Este espacio se orientó a fortalecer las condiciones políticas, técnicas e institucionales necesarias para garantizar una participación real y efectiva de los Pueblos Indígenas c en los escenarios internacionales donde se discuten decisiones que afectan directamente nuestros territorios, sistemas de vida y derechos colectivos.
La jornada permitió avanzar en la implementación del Protocolo de Relacionamiento para la participación de los Pueblos Indígenas en los escenarios internacionales de las agendas ambientales. También permitió establecer espacios para la construcción de rutas de trabajo de cara a la COP17 del Convenio sobre la Diversidad Biológica y la COP31 de la Convención Marco de las Naciones Unidas sobre el Cambio Climático.
Este proceso no puede entenderse como un simple mecanismo de interlocución formal.
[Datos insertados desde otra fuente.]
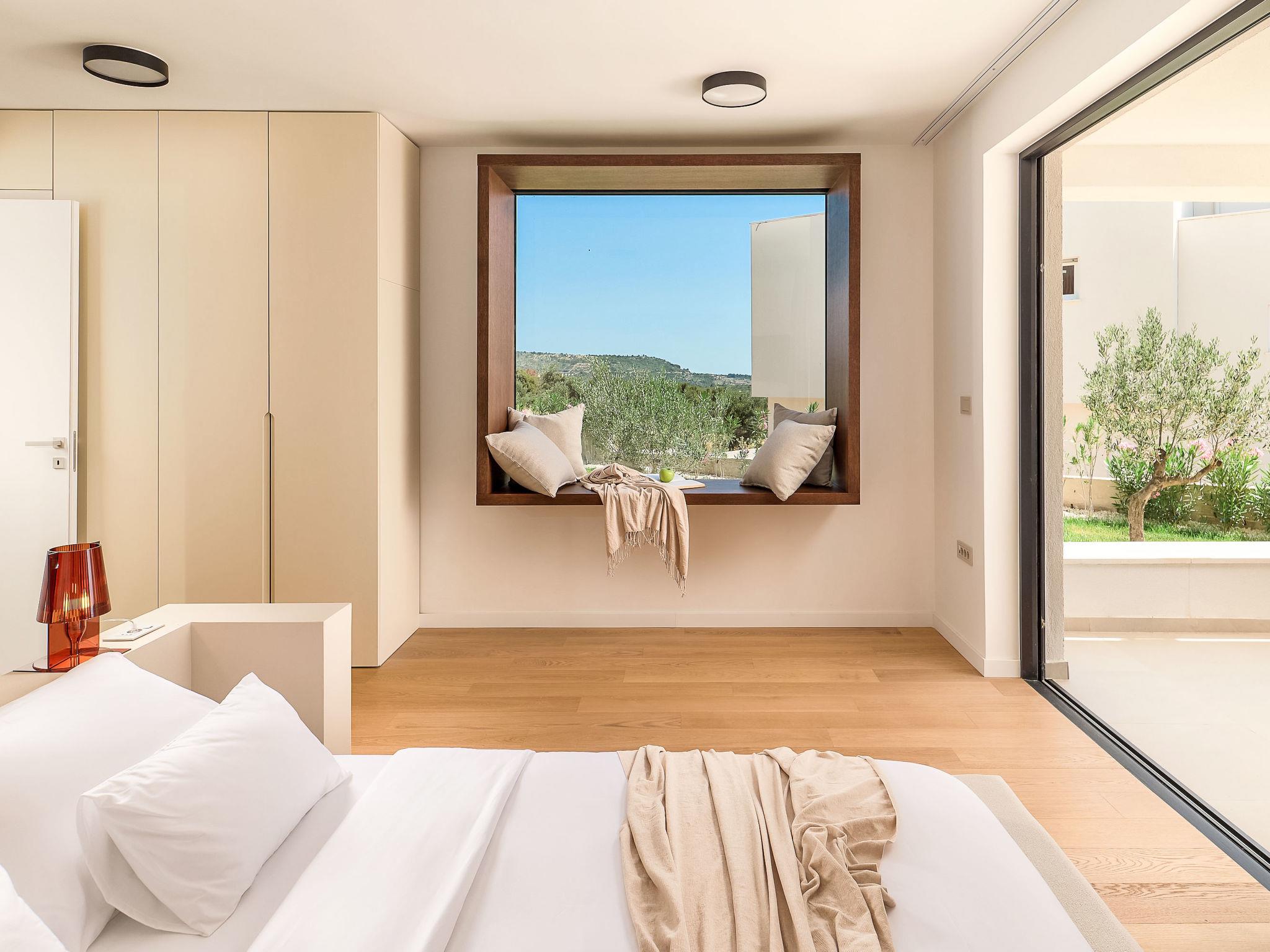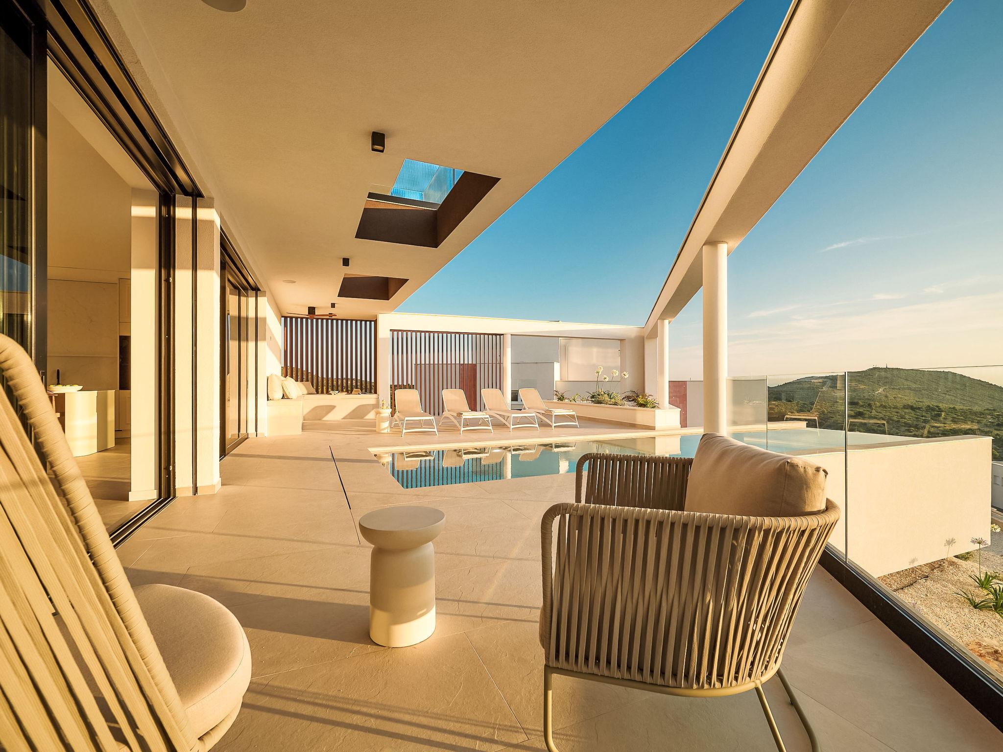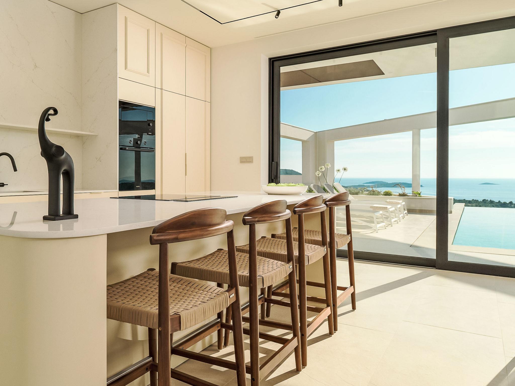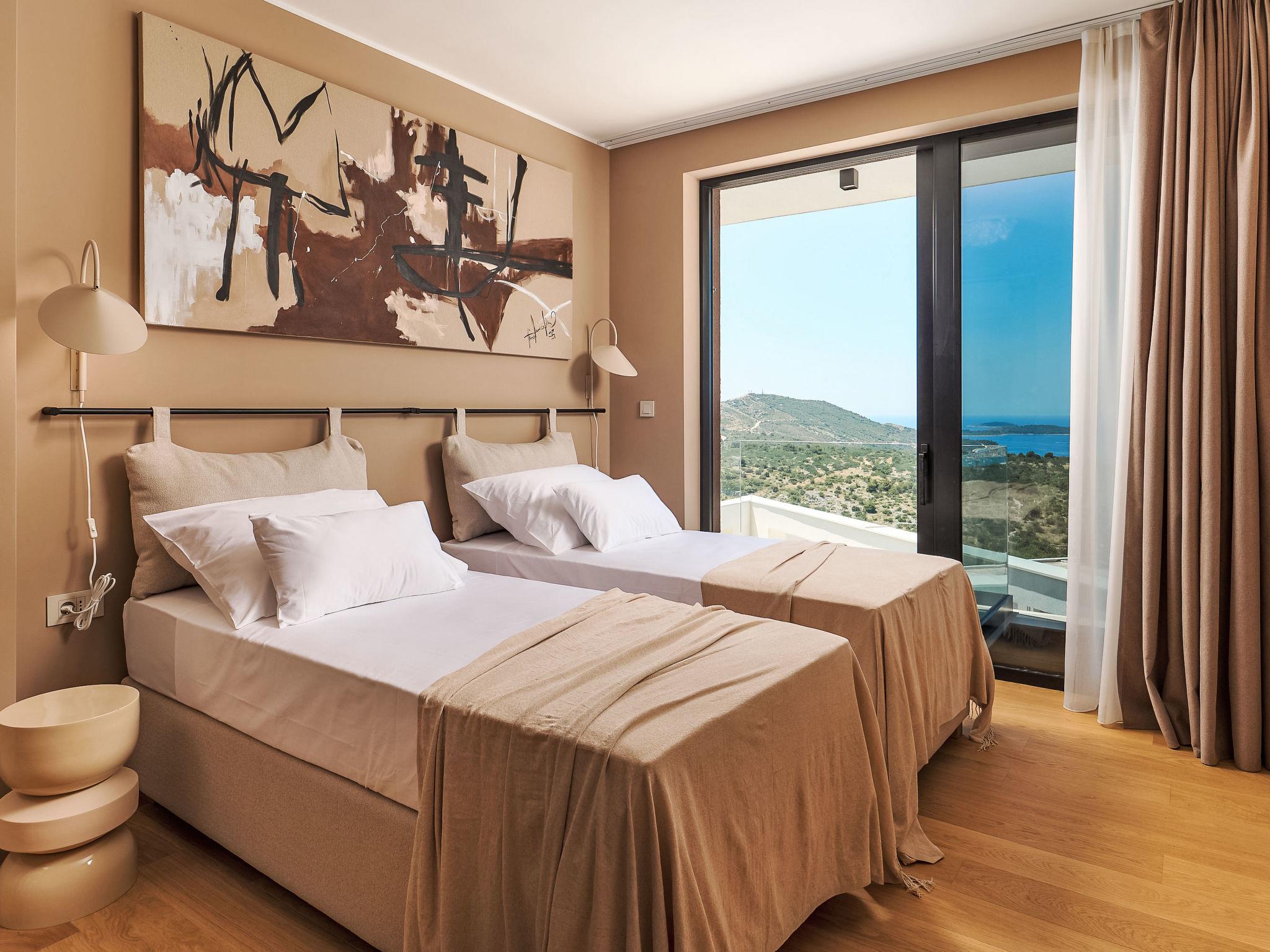 Moderne Villa "Five K", auf 3 Stockwerken. 2.3 km vom Zentrum von Primošten, ruhige, sonnige Lage, 2 m vom Meer, 2.3 km vom Strand, in einer Sackgasse. Zur Alleinbenutzung: Grundstück 1'100 m2 (eingezäunt), Garten, Liegewiese 200 m2, Schwimmbad eckig (10 x 3 m, 150 cm tief, saisonale Verfügbarkeit: 30.Mar. - 12.Okt.) mit Innentreppe. Aussendusche, Sprudelbad, Terrasse (55 m2), Gartenmöbel, Grill, Kinderspielplatz. Im Hause: Internetzugang, Billard, Spielzimmer, Tischfussball, Waschmaschine, Wäschetrockner. (extra). Parkplatz (für 4 Autos) beim Haus auf dem Grundstück, Einzelgarage. Einkaufsgeschäft 2 km, Restaurant 2.5 km, Bushaltestelle 2 km, Kieselstrand 2.3 km, Felsstrand 2.3 km. Jacht-Hafen 2 km.

Se trata de una herramienta necesaria para garantizar que la participación indígena tenga las condiciones políticas, técnicas y financiera para que nuestra voz, conocimientos y propuestas sean escuchadas y tenidas en cuenta en las posiciones y decisiones nacionales e internacionales.
Reiteramos que la participación plena y efectiva de los Pueblos Indígenas en estos escenarios es una condición necesaria para garantizar decisiones justas, incluyentes y coherentes con la protección integral de los territorios. No basta con abrir espacios de presencia o representación simbólica. Es indispensable que participemos en condiciones que reconozcan nuestro carácter de sujetos colectivos de derechos, con formas propias de deliberación y prioridades políticas frente a la crisis climática, la pérdida de biodiversidad y las transformaciones que hoy se impulsan desde la gobernanza ambiental global.
Nuestros sistemas de conocimiento, nuestras propuestas y nuestros sistemas de vida deben ser reconocidos como fundamentales para enfrentar la crisis climática y la pérdida de biodiversidad. Los Pueblos Indígenas no llegamos a estos escenarios como actores marginales ni como voces complementarias. Llegamos con una experiencia histórica de cuidado territorial, con sistemas de gobierno y conocimiento propios, y con propuestas construidas desde territorios que son indispensables para el cuidado del planeta. Por eso, nuestra participación debe traducirse en incidencia real sobre las decisiones, los compromisos y las rutas de implementación que se adopten.
Avanzar en estas rutas de trabajo implica también reconocer que no puede haber política internacional ambiental legítima si se construye al margen de los Pueblos Indígenas, quienes ancestralmente hemos y seguimos cuidando la vida. La participación indígena en la COP17 y en la COP31 debe contribuir a que Colombia llegue a estos escenarios con posiciones consistentes que garanticen nuestros derechos.
¡Defender los territorios es defender la vida!